Kono-Yoshinori-Kumamoto-7-octobre_082.jpg

Kono Yoshinori démontrant la façon de tenir qu'il a dévellopé à partir du style de l'école Negishi ryu. On peut aussi voir la spécificité des shurikens qu'il utilise. Photo empruntée à Léo:)

 

Repousser les limites :

 

          Quand je m'entraine j'essaye d'avoir toujours à l'esprit que ce n'est pas le résultat mais comment l'améliorer qui est important. Ainsi dès que j'arrive à lancer à une distance et à être près du 100% de réussite j'augmente cette dernière (je précise que je m'entraine dehors ce qui est mieux pour les meubles et les murs^^).      

 

 

30072013286.jpg

shuriken réalisé par un ami

 

     Kono senseï est devenu mon mentor dans cet entrainement solitaire et lors des master class en France, au Japon, j'essaye toujours de capter le maximum d'informations. Il a d'aiileurs assez peu de limites! Il est capable de lancer en courant, en avançant, en reculant, en chutant, en se retournant, de la main gauche comme de la droite, à l'envers et de côté...bref un peu comme il veut!

 

Suivant son exemple j'essaye de varier régulièrement les situations, je teste des choses nouvelles qui viennent ou pas enrichir mon travail.

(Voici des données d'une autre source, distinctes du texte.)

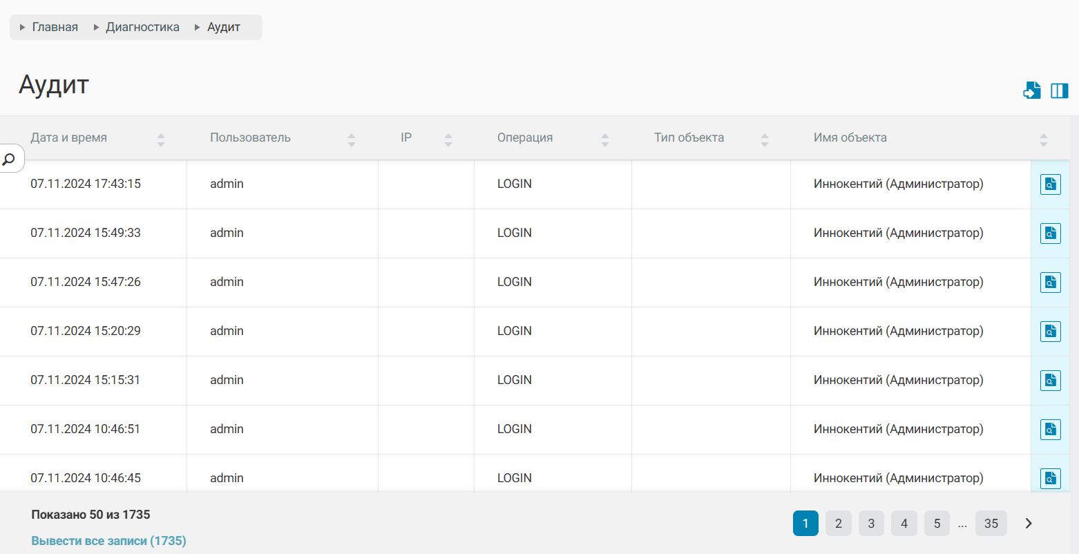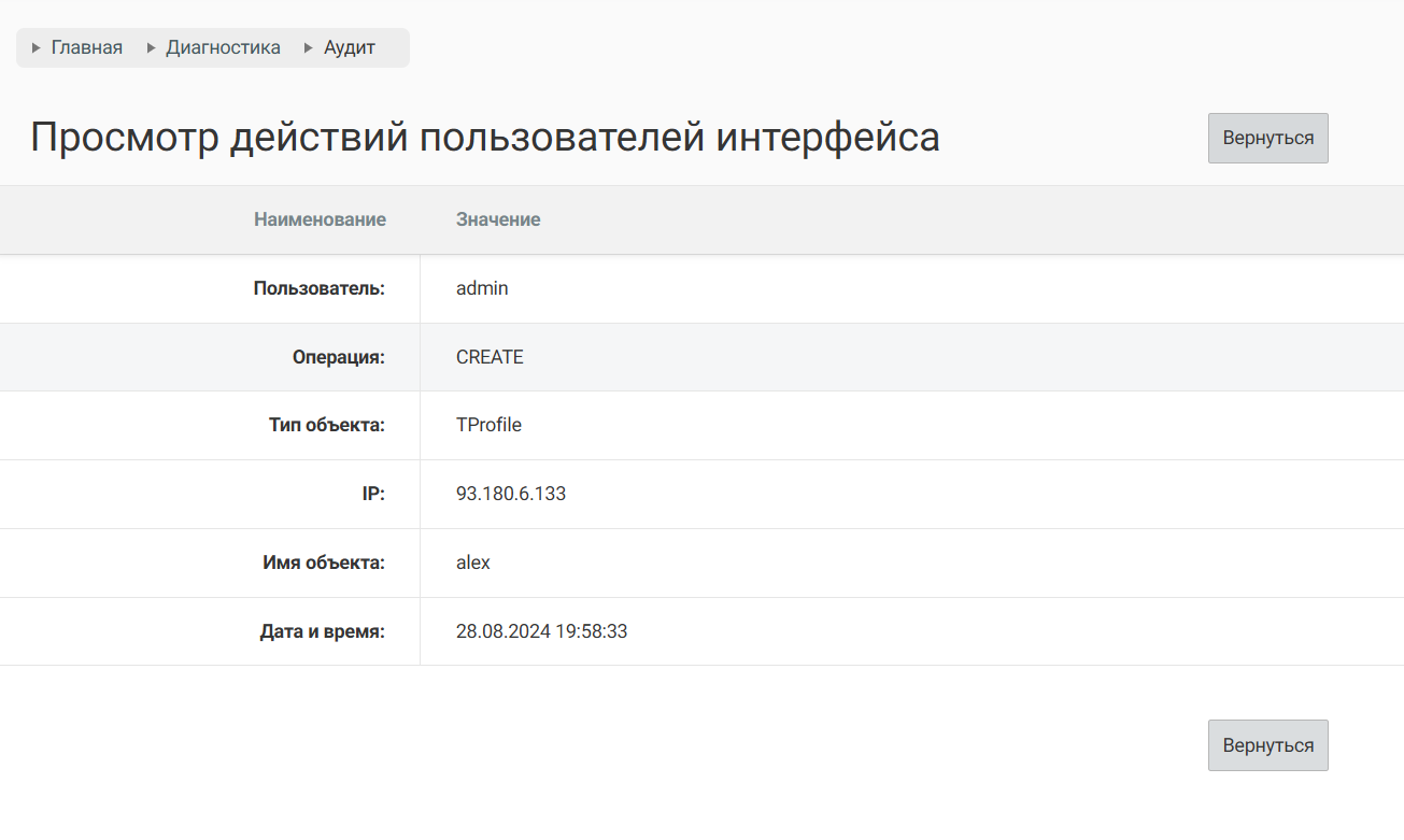 Раздел аудита позволяет отобразить все действия пользователей веб-интерфейса системы WNAM 2 (администраторов, менеджеров) по логину и по созданию/изменению/удалению объектов различного типа. Для того, чтобы просмотреть статистику действий пользователя необходимо перейти в раздел "Диагностика" → "Аудит". В открывшемся окне будут доступны записи по каждому пользователю., отображающие имя пользователя, совершенную операцию, время операции, IP-адрес устройства, тип и имя объекта. Система WNAM предоставляет возможность фильтрации по времени, за которое необходимо просмотреть информацию, а также поиск по ряду полей таблицы.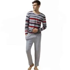 A Quanxiu pyjamas set of casual striped top of high-quality cotton materials and long pant. Also available for men of big size.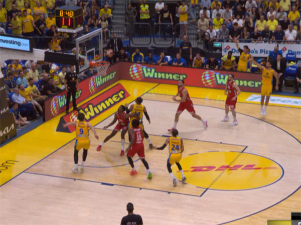 המשחק הזה היה מתוח מההתחלה, אבל דווקא על המגרש זה לא היה כל כך גלוי לפחות ברבע הראשון. שתי הקבוצות צברו נקודות בקצב מסחרר, וסיפקו עשר דקות ראשונות מרהיבות והתקפיות במיוחד אותן האדומים סיימו ביתרון נקודה. אקסבייר מנפורד היה ה-איש של סטפנוס דדאס באותם רגעים, והעניש פעם אחר פעם את השומרים הצהובים שלו מן העבר השני.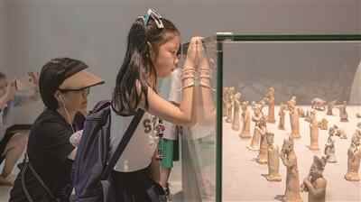 行进在博物馆中,不时遇见研学体验的师生。在老师带领下,景德镇昌江区中心幼儿园的学生围在展柜旁,认真聆听讲解员的介绍。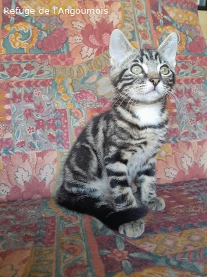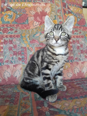 Situation: Adopté (e) sexe: Mâle Date de naissance: 2025-04-15 Date arrivée: 2025-05-24 Identification : 250269101332766 Informations complémentaires: Aston est un chaton mâle heureux. Très joueur, il fonce comme une fusée vers ses jouets, ses sœurs, sa gamelle. Il adore transporter un petit jouet dans sa gueule comme un fauve transporte sa proie. C'est un véritable félin miniature. Il est habitué aux enfants et aux chiens et sait rentrer ses griffes pour jouer. Adoption: 2025-07-29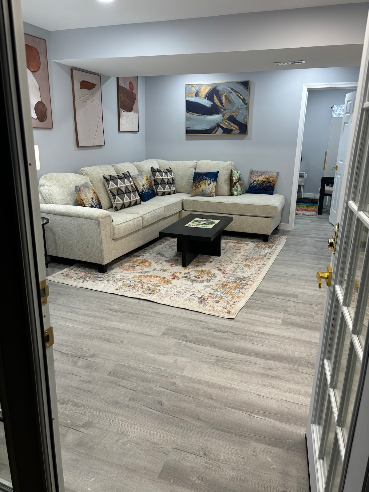 Spacious, modern, private basement space! 1 Bedroom/Bathroom, Centrally located in Northern Virginia, 35 minutes from DC. Close to local nature preserves, mall, hospital, and more! Amenities: king bed, 2 living areas, 2 Smart TVs. Kitchenette: SHAREDfull-size fridge, microwave, Keurig, air fryer, no cooktop/stove available. Private entrance, PLEASE NOTE: you will be walking through the grass to get to the basement! street parking in a quiet neighborhood. No smoking, vaping, or e-cigarettes.

L'idée étant comme le titre l'indique de repousser les limites en s'autorisant à commettre des erreurs si besoin.

 

 

Trois étapes :

 

     J'ai pour le moment marqué trois grandes étapes dans l'évolution de cet entrainement solitaire.

 

     La première est d'être capable de lancer de plusieurs façons sans se préoccupper de la manière dont arrive le shuriken dans la cible. 

 

     La seconde étape est ensuite de planter le shuriken droit, à l'horizontal. En observant Kono senseï j'ai réalisé au fil du temps que la plupart de ses shurikens arrivés parfaitement droit dans la cible et ce peu importe la distance.

 

     La troisième étape dans cette logique d'évolution est donc d'être capable de viser en plus des cibles restreintes (d'une dizaines de centimètres). C'est très compliqué et je suis loin d'en être capable au delà d'une certaine distance!

 

 

30072013281.jpg

 

 

Un partenaire invisible :

 

     Tous les pratiquants un tantinet chevronnés qui poussent l'entrainement au delà des frontières du dojo et en solitaire notamment connaissent les difficultés relatives à celui-ci. Lorsque l'on s'entraine seul il est parfois difficile de savoir si l'on est sur la bonne voie. Un avantage avec le Shuriken est qu'il reste un ami fidèle et impitoyable! On sait tout de suite en fonction du but fixé si c'est correct ou pas.

 

     C'est également un excellent moyen de travailler l'utilisation du corps dans son ensemble et de sentir quelle partie suit ou est en retard, quelle tension inutile est générée, quel muscle est trop ou pas assez utilisé. 

 

     Pour être capable de viser à 8 mètres ou plus l'utilisation seule du bras ne suffit plus et cela demande de développer un écoute profonde du corps et de ses réactions si l'on veut pouvoir réussir. Sans cette harmonie qui transparait quand on observe Kono senseï il est impossible d'atteindre ce niveau. 

 

     Pour terminer voici une vidéo assez connue extraite d'un DVD de Kono senseï où l'on voit nettement grâce à un shuriken peint en blanc la trajectoire impeccable qu'il arrive à lui donner et la position horizontale en parfaite harmonie avec l'inclinaison de la cible à la fin.

 

 

 

 

Pour plus de détails je vous conseil également à l'interview faite par Léo "Shurikenjutsu par Kono Yoshinori"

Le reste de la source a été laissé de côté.